N'a-t-on toujours pas dit que l'union fait la force ? Pour renverser le pouvoir absolu de l'ancien régime, l'Opposition a compris que le salut n'est possible que dans la solidarité. La grève est entamée sous une haute surveillance policière. Un dispositif policier massif encercle les locaux où a lieu la grève. L'accès est interdit à la société civile, aux médias et aux supporters des grévistes. Même les trois médecins qui désiraient ausculter les grévistes de la faim étaient empêchés de pénétrer dans les lieux et étaient même humiliés. Il fallait la visite d'une délégation de la présidence de l'Union européenne pour que la levée du siège ait lieu. Triste constat, aujourd'hui La dictature benalinienne n'est plus. Le RCD, cet amas d'opportunistes n'est plus. Les anciens militants prennent le pouvoir. Le ras-le-bol populaire a mis fin au régime répressif. Les premières élections libres et transparentes ont lieu. Les Tunisiens obnubilés par ce souffle libérateur croyaient enfin au miracle.

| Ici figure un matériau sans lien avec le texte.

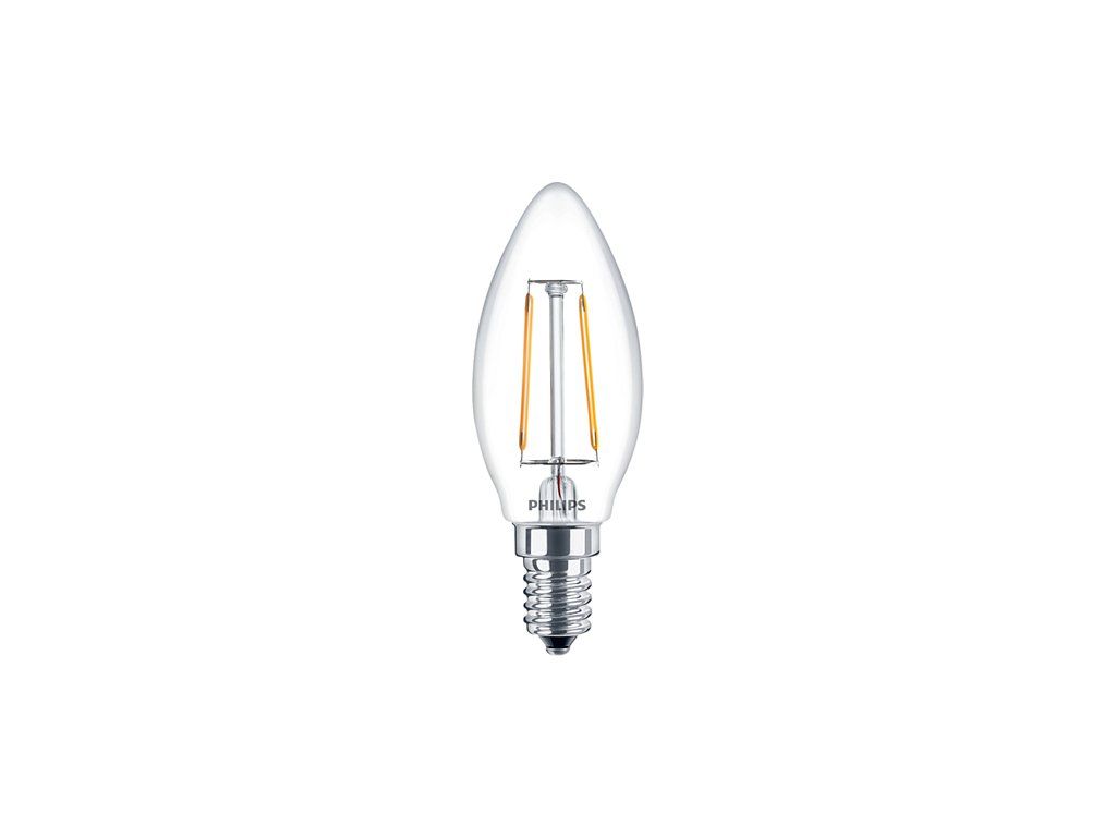 LED žárovka Philips Classic filament s paticí E14 ve svíčkovém tvaru baňky B35 v průhledné variantě o příkonu 2W, která nahrazuje klasickou 25 W žárovku, svítí úsporným teplým bílým světlem 2700 K se světelným tokem 250 lm.
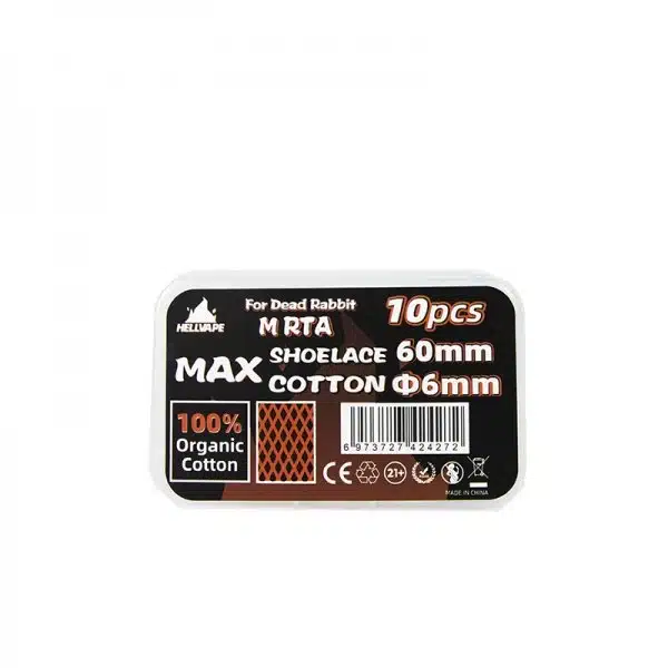 Le Cotton Max Shoelace de Hellvape est spécialement conçu pour s’adapter parfaitement à l’atomiseur Dead Rabbit M du fabricant, notamment pour accompagner les célèbres feuilles de Mesh Wire de Hellvape.

Presque deux ans plus tard, le désenchantement gagne de plus en plus du terrain. Nos anciens militants, n'ayant pu exercer la politique auparavant, sont immatures politiquement et enchaînent les erreurs. Les clivages et conflits idéologiques ressurgissent. Les projets sociétaux, les ambitions économiques et intérêts politiques partitiques et individuels prennent le dessus.
Les débats s'enveniment et les accusations fusent de partout. L'Opposition du 18 octobre 2005 n'est plus. L'alliance s'étiole et le mythe de cette date a disparu. Aujourd'hui, les opposants de Ben Ali se guerroient entre eux. Nationalistes, islamistes, laïques, réformistes, modernistes ou rétrogrades se livrent la guerre du pouvoir. Les uns ne veulent pas, au nom de la légitimité, se remettre en question et reconnaître leurs lacunes. Les autres, se plaisent à envenimer la situation. D'autres encore forment des fronts pour collecter les voix et avoir du poids dans la scène politique. Pas l'ombre d'un accord. Le Collectif 18 octobre n'est plus. Le 23 octobre approche à grands pas. Une date qui devrait, logiquement, sonner la fin de la légitimité du gouvernement provisoire actuel.
A l'approche du 23, le pays va mal. La paranoïa fige les Tunisiens et le pacte de confiance avec les politiciens est rompu depuis des mois. Les acteurs de la scène politique se rendent compte qu'un dialogue national est obligatoire pour sortir de cette crise avec le moins de dégâts possibles et sauver ce qui reste de cette étape transitoire assez précaire. Certains ont répondu présents, hier, à l'initiative de l'UGTT qui appelle toutes les forces politiques à dialoguer ensemble et à écarter leurs différends, alors que d'autres ont préféré rester dans leur Panthéon.